One solution the commission is considering is whether governors should be given authority to command active duty Armed Forces based or sent to their state to respond to catastrophic emergencies.
"If (governors) are competent to command National Guard troops, which are trained with the same equipment and same level of expertise as active duty troops, then why couldn't governors exercise command and control (of active duty forces)?" said Arnold L. Punaro, a retired Marine Corps major general and chairman of the Commission on the National Guard and Reserves.
The 13-member commission also highlighted another major area of contention between governors and the federal government over equipping, training and funding state Guard units.
Frequent deployments overseas to Iraq and Afghanistan have seriously depleted Guard equipment. Before Sept. 11, 2001, Guard units not on active duty had about 75 percent of their equipment available for use. Now they have less than 34 percent, said North Carolina Gov. Michael Easley (D), the lead governor on National Guard issues for the NGA.
President Bush's recent decision to send 6,000 National Guard troops to help stop illegal immigration at the U.S.-Mexican border has added an additional strain to already depleted troops, just as states are preparing to face the next hurricane season, which started June 1.
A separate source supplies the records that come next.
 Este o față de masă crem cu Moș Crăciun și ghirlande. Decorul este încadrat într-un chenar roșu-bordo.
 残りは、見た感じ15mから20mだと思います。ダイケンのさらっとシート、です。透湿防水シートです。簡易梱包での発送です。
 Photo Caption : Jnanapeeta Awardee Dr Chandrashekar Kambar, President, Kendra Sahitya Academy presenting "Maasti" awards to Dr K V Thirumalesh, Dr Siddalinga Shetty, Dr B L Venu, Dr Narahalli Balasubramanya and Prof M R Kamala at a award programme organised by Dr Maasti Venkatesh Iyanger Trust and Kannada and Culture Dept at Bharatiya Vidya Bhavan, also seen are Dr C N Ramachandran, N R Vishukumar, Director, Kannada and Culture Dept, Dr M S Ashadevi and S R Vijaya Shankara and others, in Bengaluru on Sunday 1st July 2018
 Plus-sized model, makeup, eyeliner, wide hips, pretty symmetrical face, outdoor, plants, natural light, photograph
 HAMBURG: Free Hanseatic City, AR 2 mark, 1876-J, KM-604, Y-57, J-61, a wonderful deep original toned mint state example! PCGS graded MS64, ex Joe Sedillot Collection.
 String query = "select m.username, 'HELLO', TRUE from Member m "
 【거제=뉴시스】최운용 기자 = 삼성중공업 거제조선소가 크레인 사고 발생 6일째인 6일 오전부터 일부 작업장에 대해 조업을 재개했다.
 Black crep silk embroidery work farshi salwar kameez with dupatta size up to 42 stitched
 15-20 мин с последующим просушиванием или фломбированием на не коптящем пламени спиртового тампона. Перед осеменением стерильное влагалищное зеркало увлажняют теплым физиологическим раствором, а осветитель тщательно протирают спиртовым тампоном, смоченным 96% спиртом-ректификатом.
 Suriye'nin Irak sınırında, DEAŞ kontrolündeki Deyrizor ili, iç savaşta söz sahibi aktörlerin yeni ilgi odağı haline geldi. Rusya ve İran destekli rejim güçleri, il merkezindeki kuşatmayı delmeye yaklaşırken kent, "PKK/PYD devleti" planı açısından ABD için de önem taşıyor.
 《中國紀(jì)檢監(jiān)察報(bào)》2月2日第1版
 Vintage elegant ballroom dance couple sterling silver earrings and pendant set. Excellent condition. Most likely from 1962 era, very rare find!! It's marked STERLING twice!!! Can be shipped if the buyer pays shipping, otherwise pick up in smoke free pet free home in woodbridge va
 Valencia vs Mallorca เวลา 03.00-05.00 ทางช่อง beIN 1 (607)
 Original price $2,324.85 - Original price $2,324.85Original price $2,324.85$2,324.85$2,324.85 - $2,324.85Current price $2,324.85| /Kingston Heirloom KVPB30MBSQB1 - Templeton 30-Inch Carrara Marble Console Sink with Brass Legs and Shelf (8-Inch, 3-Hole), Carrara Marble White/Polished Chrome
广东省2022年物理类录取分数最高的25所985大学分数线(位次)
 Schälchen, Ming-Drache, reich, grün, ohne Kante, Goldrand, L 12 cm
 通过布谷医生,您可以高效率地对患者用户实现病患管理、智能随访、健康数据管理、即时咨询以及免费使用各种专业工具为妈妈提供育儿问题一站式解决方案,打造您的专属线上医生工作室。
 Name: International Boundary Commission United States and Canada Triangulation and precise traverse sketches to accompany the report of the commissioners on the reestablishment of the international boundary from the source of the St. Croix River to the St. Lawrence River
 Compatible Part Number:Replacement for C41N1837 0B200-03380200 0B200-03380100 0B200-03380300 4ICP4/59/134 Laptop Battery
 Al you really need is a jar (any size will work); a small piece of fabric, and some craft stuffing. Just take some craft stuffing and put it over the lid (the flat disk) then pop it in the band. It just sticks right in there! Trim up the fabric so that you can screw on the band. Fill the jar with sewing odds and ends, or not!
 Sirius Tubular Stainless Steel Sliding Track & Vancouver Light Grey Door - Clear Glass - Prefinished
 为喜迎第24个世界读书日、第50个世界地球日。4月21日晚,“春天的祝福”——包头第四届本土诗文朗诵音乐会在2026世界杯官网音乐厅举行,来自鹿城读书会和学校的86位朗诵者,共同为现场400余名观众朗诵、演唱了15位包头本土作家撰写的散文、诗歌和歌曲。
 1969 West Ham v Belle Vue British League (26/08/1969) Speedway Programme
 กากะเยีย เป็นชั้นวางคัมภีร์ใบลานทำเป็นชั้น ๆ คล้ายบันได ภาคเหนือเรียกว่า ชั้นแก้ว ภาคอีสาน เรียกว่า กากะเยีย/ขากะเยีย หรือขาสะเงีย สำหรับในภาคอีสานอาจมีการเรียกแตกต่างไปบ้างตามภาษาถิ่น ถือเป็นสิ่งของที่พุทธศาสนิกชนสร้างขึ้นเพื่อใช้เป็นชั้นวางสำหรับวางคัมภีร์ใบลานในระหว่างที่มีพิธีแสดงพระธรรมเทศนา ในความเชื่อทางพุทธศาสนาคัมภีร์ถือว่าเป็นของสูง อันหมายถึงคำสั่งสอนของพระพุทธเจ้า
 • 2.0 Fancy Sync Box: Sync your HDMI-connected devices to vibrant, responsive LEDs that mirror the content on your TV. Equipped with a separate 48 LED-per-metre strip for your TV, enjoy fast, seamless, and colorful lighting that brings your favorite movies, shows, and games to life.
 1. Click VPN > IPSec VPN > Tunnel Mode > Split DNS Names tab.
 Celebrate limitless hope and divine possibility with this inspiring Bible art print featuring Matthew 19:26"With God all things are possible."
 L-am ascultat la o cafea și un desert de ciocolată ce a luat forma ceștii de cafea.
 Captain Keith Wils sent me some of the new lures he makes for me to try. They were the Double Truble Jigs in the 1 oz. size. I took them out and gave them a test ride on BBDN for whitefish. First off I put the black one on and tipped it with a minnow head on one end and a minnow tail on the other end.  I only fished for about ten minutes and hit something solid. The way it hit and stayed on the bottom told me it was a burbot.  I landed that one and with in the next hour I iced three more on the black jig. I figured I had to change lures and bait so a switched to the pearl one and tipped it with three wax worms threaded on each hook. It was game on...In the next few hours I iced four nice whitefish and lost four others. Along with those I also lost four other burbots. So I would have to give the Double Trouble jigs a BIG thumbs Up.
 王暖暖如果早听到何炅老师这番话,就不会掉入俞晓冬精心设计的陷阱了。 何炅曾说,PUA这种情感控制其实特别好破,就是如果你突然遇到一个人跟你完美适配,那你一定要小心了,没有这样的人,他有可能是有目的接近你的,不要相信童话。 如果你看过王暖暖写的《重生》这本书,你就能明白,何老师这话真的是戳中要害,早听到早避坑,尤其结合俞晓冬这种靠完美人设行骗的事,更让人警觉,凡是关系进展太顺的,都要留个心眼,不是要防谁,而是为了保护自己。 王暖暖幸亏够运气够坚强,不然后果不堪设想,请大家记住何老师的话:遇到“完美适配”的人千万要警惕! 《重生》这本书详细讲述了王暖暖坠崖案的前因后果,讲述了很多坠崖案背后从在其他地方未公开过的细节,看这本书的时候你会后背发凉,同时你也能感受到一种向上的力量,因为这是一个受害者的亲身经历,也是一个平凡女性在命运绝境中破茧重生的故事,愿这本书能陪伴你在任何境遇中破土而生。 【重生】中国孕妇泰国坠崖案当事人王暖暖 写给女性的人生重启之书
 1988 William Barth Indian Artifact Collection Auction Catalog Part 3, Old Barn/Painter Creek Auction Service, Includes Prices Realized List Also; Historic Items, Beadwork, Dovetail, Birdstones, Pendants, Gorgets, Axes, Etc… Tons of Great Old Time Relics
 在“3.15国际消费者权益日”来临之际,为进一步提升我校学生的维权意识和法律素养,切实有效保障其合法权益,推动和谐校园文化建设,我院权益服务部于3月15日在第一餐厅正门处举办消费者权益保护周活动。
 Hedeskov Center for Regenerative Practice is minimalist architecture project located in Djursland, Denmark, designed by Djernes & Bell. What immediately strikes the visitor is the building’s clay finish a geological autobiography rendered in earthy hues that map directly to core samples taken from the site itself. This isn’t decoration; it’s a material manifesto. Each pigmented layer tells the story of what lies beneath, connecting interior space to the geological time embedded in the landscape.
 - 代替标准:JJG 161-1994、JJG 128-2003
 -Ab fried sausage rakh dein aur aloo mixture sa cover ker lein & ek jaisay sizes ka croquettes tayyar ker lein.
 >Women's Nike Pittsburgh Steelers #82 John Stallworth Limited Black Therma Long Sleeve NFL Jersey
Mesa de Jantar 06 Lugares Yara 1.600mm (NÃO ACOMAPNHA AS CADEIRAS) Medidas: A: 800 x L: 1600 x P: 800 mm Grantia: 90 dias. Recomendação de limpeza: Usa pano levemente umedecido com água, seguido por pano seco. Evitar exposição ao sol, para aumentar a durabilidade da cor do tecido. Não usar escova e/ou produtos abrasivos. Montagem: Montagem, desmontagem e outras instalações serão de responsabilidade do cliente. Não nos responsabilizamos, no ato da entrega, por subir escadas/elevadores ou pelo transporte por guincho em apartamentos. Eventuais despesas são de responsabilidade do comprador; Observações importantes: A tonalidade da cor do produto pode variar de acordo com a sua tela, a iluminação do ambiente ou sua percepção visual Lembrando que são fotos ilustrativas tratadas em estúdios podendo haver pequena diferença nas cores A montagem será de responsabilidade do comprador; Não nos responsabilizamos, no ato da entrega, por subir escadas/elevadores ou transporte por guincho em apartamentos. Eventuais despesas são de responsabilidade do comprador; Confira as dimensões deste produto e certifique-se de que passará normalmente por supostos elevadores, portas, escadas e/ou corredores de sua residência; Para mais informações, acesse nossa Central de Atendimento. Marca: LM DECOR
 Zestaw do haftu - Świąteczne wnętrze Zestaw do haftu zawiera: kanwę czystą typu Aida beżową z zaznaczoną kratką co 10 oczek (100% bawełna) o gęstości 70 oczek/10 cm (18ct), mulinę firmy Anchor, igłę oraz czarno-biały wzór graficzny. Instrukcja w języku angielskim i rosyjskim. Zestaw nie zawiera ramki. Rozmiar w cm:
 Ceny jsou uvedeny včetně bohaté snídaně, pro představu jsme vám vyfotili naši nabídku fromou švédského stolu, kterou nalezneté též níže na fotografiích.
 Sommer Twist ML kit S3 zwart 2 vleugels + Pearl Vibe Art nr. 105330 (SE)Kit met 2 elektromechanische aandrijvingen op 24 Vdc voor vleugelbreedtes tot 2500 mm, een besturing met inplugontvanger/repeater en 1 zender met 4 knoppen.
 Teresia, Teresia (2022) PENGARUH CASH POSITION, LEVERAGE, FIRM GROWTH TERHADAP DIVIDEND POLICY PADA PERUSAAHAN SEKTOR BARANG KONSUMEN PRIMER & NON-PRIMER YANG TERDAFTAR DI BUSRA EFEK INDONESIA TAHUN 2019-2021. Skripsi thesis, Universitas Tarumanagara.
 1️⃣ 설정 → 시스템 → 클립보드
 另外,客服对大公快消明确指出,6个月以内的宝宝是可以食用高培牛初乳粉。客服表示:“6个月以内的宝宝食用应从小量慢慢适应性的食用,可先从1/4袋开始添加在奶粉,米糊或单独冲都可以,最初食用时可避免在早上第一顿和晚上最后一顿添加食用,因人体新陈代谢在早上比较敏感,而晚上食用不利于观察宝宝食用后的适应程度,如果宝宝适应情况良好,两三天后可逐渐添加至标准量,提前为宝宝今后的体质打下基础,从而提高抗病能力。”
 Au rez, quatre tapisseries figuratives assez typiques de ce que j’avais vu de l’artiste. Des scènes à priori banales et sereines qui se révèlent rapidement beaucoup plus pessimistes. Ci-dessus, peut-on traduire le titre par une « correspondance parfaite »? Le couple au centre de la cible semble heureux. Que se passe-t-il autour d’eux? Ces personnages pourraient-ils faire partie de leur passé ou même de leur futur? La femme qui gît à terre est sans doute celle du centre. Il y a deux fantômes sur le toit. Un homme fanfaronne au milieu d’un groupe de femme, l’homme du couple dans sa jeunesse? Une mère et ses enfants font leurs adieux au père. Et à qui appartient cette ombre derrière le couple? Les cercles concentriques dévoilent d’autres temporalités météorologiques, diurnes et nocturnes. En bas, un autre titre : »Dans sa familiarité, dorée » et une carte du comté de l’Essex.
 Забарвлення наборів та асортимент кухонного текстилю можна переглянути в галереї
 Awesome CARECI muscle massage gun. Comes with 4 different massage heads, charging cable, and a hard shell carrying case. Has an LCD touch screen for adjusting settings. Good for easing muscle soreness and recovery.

"Don't have enough soldiers to fight the war? Call up the Guard. Don't have enough border patrols to secure the border? Call up the Guard. We've been stretched way too thin and we just can't continue" to be deployed at these levels, Easley said. More than 80 percent of the of the nation's 460,000 Air and Army National Guard troops have been deployed since the 2001 terrorist attacks.
Although some hurricane-prone states, such as North Carolina, have been getting accelerated equipment deliveries from the Pentagon, four of the state's helicopters will not be returned from Iraq until the end of the summer, Easley said.
"Hopefully we can hold the hurricanes off until then," he said.
Last week the commission released a preliminary report outlining changes it would consider rfor the Guard and Reserve forces, including a need to end confusion over which branch of government is in charge during catastrophic disasters.
The report did not spell out a solution, although after Katrina others have suggested giving the Pentagon primary authority over the Guard during domestic emergencies, a power now reserved to governors. Minner and Easley said governors will not give up their authority over the Guard and instead favor adding the power to take charge of active duty forces.
"(The governors) know what's needed in cases of emergency. We've developed our homeland security plans, and we've got the maps and the know-how to respond to emergencies in our states," Minner said.
The commission's sweeping review of the Guard and Reserve also will consider upgrading benefits and compensation for troops and incentives for employers to hire Guard members; lengthening the 39-day training period for part-time troops, and finding a way to balance the Guard's dual role in the overseas war on terror and security and emergency duties at home.
The commission is expected to wrap up its work with recommendations to Congress by March 2007.